Nayong and Weng’an black shale samples exhibit PPGE (Pt + Pd) enrichment and relative IPGE (Os + Ir + Ru + Rh) depletion. The PPGE/IPGE ratio is generally >1 (3.8–14.4), with ratios for most samples being around 9 (barring sample XJ4-11) in the polymetallic layer, much higher than that of original mantle (0.88) and upper crust (1.3) but lower than the crustal ratio (15); and also higher than the value for modern South China Sea sediments (3.45; Zhu et al., 2010) and oceanic Co-rich crusts (1.62–7.32; Yao et al., 2002; Sun et al., 2006). Sample Pt/Pd ratios are generally in the range 0.7–2.2 and <1 in the polymetallic layer (0.6–1.0), much lower than in Co-rich oceanic crust (53–439; Yao et al., 2002; Sun et al., 2006), lower than normal seawater (4.5; Hodge et al., 1985), and similar to sulfides in basic–ultrabasic rock (Pašava et al., 2003; Pašava et al., 2004). The Os/Ir ratio in the polymetallic layer is in the range 12.9–26.6, much higher than in primitive mantle (∼1.1) and chondrite (∼1.0; McDonough and Sun, 1995), but similar to organic-rich shale such as oil shale in Tibet (12.2–15.8; Fu et al., 2010). There is strong positive correlation between Pt and Pd contents (Figure 5A). The Pt content is also positively correlated with Os, Ir, and Ru contents (Figures 5B–D). There is a lack of correlation between Ru–Rh and Os–Ir, among other elements (Figures 5E,F). The Ni/Cu, Ce/La, Ni/Pd, and Cu/Ir ratios are respectively 5.4–21.7, 0.3–2.1, 50–211, and 289–1384, and the Cu/Ir ratio of the polymetallic layer is much higher than that of black shale. The Ni/Pd ratio is generally lower than that of black shale (Table 1).

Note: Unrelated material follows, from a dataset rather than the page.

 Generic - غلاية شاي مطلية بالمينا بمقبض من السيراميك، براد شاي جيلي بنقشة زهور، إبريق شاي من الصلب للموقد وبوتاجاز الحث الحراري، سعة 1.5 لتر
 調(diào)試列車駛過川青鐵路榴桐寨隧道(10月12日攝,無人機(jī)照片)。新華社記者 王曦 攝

FIGURE 5. (A) Pd–Pt; (B) Os–Pt; (C) Ir–Pt; (D) Ru–Pt; (E) Rh–Ru; and (F) Ir–Os diagrams for the Cambrian ore-bearing layer and black shale.
PGE Distribution Model
PGEs are not strongly affected by low-temperature alteration and diagenesis; consequently, their distribution pattern in rocks is indicative of the environment in which the host rock was formed and of their source (Mao et al., 2001; Lehmann et al., 2003; Li et al., 2003; Pašava et al., 2003; Pašava et al., 2004). A PGE distribution model based on Ni–Mo–V–PGE contents of the polymetallic layer was developed for the black shales of Nayong and Weng’an. The elemental distribution curve is similar to that of the polymetallic layer in mining areas of Zunyi and west Hunan (Figure 6; Li and Gao, 2000; Wu et al., 2001; Mao et al., 2002; Yu et al., 2003; Lehmann et al., 2007; Xu et al., 2013; Han et al., 2015; Xing et al., 2015). The four regions of Nayong, Zunyi, Weng’an, and Zhangjiajie lie on the same metallogenic belt (Figures 1A, 6B) and have the same material source and metallogenic mechanism.

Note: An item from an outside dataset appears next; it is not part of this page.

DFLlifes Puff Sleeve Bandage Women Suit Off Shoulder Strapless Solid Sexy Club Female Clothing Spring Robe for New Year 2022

FIGURE 6. PGE/chondrite distribution pattern of the Cambrian ore-bearing layer and black shale. Chondrite data are from McDonough and Sun (1995); Jinbaoshan basic-rock sulfide-enclave data are from Wang et al. (2010); ocean-floor basalt data are from Sun et al. (2010); K–T boundary layer clay data are from Evans et al. (1993); oil shale data are from Fu et al. (2010); other data are from Wu et al. (2001), Li and Gao (2000), Mao et al. (2001), Wu et al. (2001), Xu et al. (2013), Xing et al. (2015), and Han et al. (2015).
The source of mineralization elements in the black-shale polymetallic layer at the base of the Niutitang Formation is considered in terms of our analytical data. Although the PGE content of seafloor Fe–Mn crusts is similar to that of the Cambrian black-shale polymetallic layer (Sun et al., 2006) and the PGE distribution model is consistent with normal oceanic sediments. PGE distributions are similar in basic–ultrabasic rocks, continental basalt, organic-rich black shale, and oil shale (Figure 6B), implying that either 1) PGEs in black shale are derived from basic–ultrabasic rocks in underlying strata (Li and Gao, 2000; Jiang et al., 2003; Jiang et al., 2007) or 2) the underlying basic–ultrabasic rocks are weathered and their contents transported to the ocean after being exposed on the surface, with extreme enrichment occurring due to changes in the Eh/pH balance of seawater (Lehmann et al., 2003; Lehmann et al., 2007).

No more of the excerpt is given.